ABOUT THIS EXERCISE ->
The lines below from the one with "재미 장갑 2024 새로운" up to and including the one with "手に取った瞬間、ざらりと心地" are what you should set down, exactly and without pictures.

RECORDS SHOWN ->
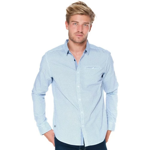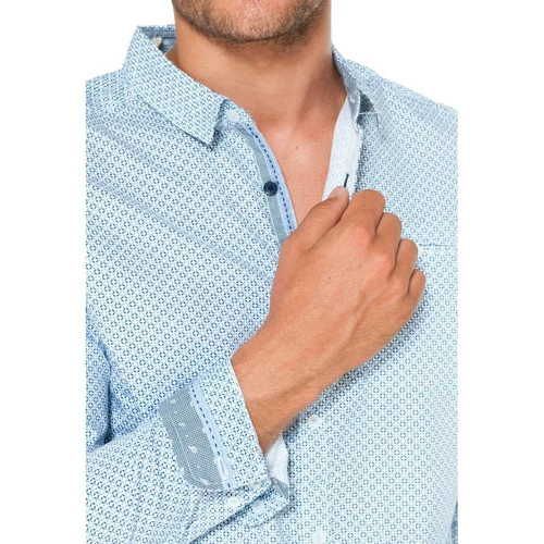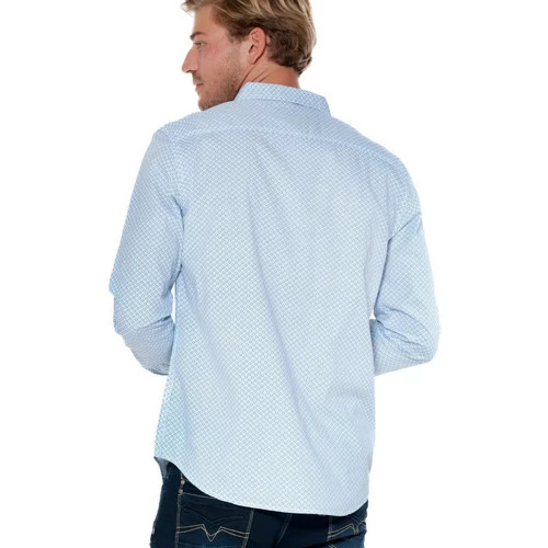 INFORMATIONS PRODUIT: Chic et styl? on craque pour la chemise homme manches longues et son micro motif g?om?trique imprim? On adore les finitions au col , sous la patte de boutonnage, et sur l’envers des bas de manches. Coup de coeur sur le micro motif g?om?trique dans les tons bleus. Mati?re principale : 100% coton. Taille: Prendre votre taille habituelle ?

--

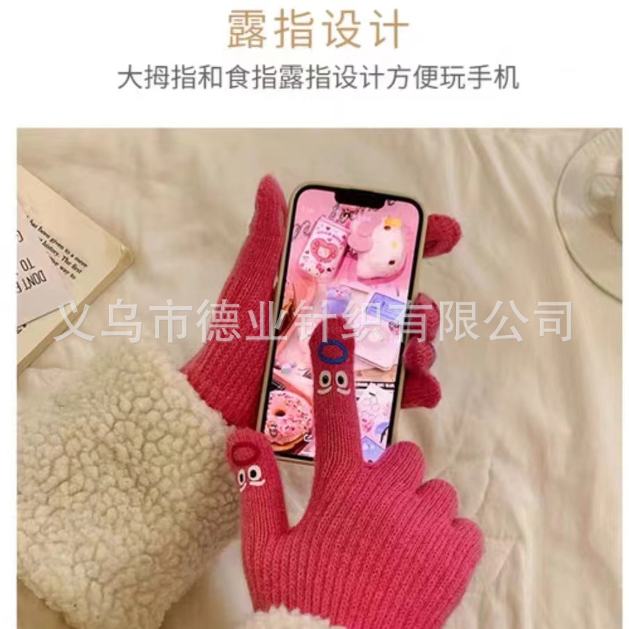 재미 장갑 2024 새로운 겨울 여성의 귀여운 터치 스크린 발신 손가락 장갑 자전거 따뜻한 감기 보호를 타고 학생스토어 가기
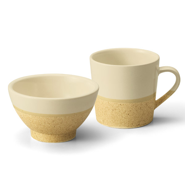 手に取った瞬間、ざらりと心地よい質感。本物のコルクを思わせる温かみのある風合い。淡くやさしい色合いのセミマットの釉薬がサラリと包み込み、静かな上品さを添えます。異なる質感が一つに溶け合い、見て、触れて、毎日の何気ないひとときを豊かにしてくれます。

ANSWER BOX ->
 재미 장갑 2024 새로운 겨울 여성의 귀여운 터치 스크린 발신 손가락 장갑 자전거 따뜻한 감기 보호를 타고 학생스토어 가기
 手に取った瞬間、ざらりと心地よい質感。本物のコルクを思わせる温かみのある風合い。淡くやさしい色合いのセミマットの釉薬がサラリと包み込み、静かな上品さを添えます。異なる質感が一つに溶け合い、見て、触れて、毎日の何気ないひとときを豊かにしてくれます。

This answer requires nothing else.